# TASK BRIEF
Take nothing but the lines from the one with "This Prototype Custom" through the one with "ここでは、「ポイントやマイル" in the entries below, both ends kept, and return them exactly with pictures left out.

# DATA RECORDS
^^^^^^^^
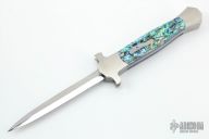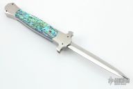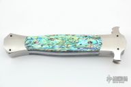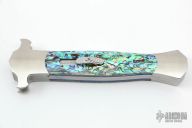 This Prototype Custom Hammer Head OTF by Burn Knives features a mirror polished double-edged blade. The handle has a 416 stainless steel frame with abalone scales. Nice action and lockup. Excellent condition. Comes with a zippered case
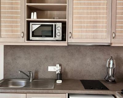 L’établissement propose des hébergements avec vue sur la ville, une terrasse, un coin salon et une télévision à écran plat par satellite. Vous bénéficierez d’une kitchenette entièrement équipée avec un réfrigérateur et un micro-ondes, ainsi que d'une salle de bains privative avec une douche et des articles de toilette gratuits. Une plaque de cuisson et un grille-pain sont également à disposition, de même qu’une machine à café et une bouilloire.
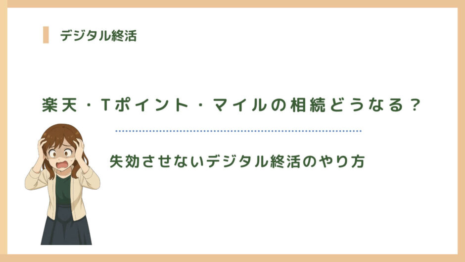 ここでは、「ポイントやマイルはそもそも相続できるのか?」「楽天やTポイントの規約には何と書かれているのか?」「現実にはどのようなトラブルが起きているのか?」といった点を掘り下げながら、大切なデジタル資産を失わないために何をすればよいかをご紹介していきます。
^^^^^^^^
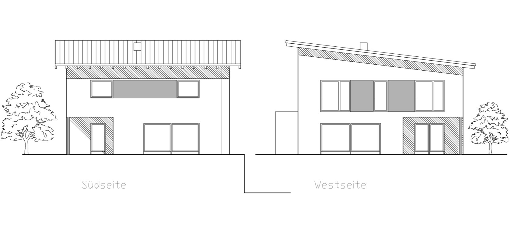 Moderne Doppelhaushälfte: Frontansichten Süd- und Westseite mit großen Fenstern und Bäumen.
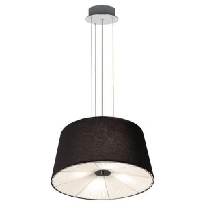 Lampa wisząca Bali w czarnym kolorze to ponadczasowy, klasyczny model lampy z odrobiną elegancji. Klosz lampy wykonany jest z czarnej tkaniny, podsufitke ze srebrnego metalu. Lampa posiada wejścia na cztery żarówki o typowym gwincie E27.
^^^^^^^^
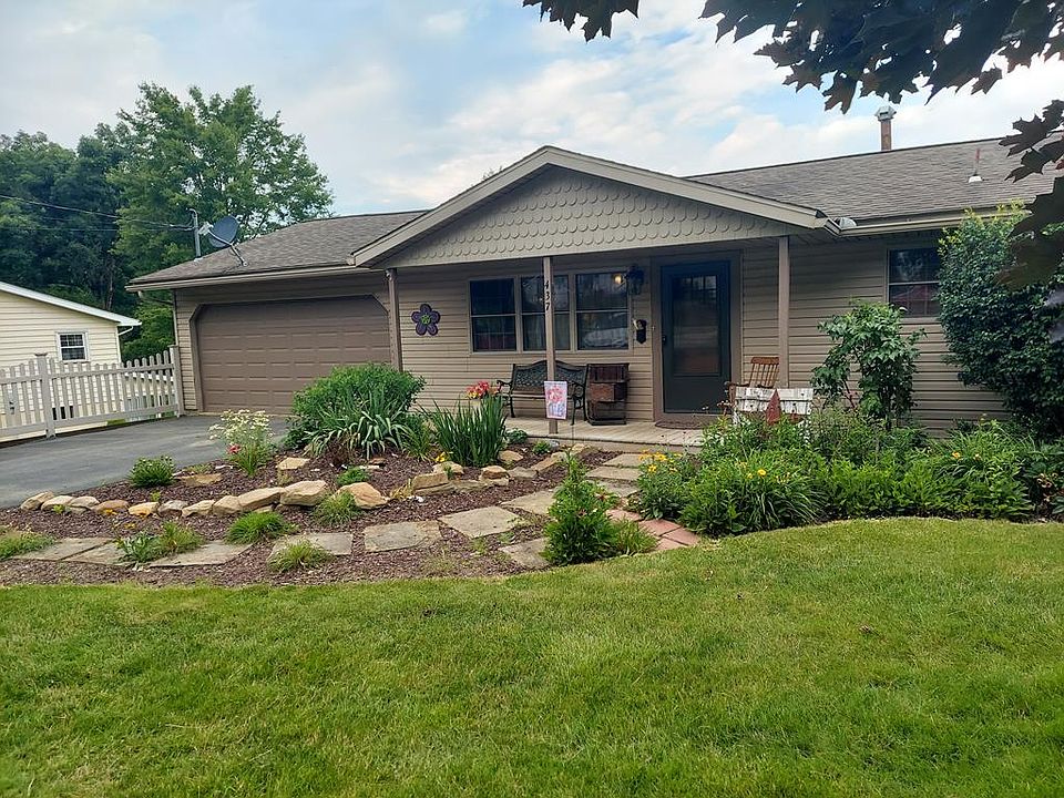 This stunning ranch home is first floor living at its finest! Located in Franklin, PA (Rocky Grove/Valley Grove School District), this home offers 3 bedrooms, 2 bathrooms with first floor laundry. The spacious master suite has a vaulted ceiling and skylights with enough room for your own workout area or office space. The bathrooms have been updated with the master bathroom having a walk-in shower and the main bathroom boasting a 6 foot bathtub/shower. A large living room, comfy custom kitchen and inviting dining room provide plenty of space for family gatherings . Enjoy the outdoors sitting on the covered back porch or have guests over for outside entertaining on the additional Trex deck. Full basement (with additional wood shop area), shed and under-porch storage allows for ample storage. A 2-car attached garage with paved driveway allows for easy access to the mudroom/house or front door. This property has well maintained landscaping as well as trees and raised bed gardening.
^^^^^^^^
# TASK SOLUTION
 This Prototype Custom Hammer Head OTF by Burn Knives features a mirror polished double-edged blade. The handle has a 416 stainless steel frame with abalone scales. Nice action and lockup. Excellent condition. Comes with a zippered case
 L’établissement propose des hébergements avec vue sur la ville, une terrasse, un coin salon et une télévision à écran plat par satellite. Vous bénéficierez d’une kitchenette entièrement équipée avec un réfrigérateur et un micro-ondes, ainsi que d'une salle de bains privative avec une douche et des articles de toilette gratuits. Une plaque de cuisson et un grille-pain sont également à disposition, de même qu’une machine à café et une bouilloire.
 ここでは、「ポイントやマイルはそもそも相続できるのか?」「楽天やTポイントの規約には何と書かれているのか?」「現実にはどのようなトラブルが起きているのか?」といった点を掘り下げながら、大切なデジタル資産を失わないために何をすればよいかをご紹介していきます。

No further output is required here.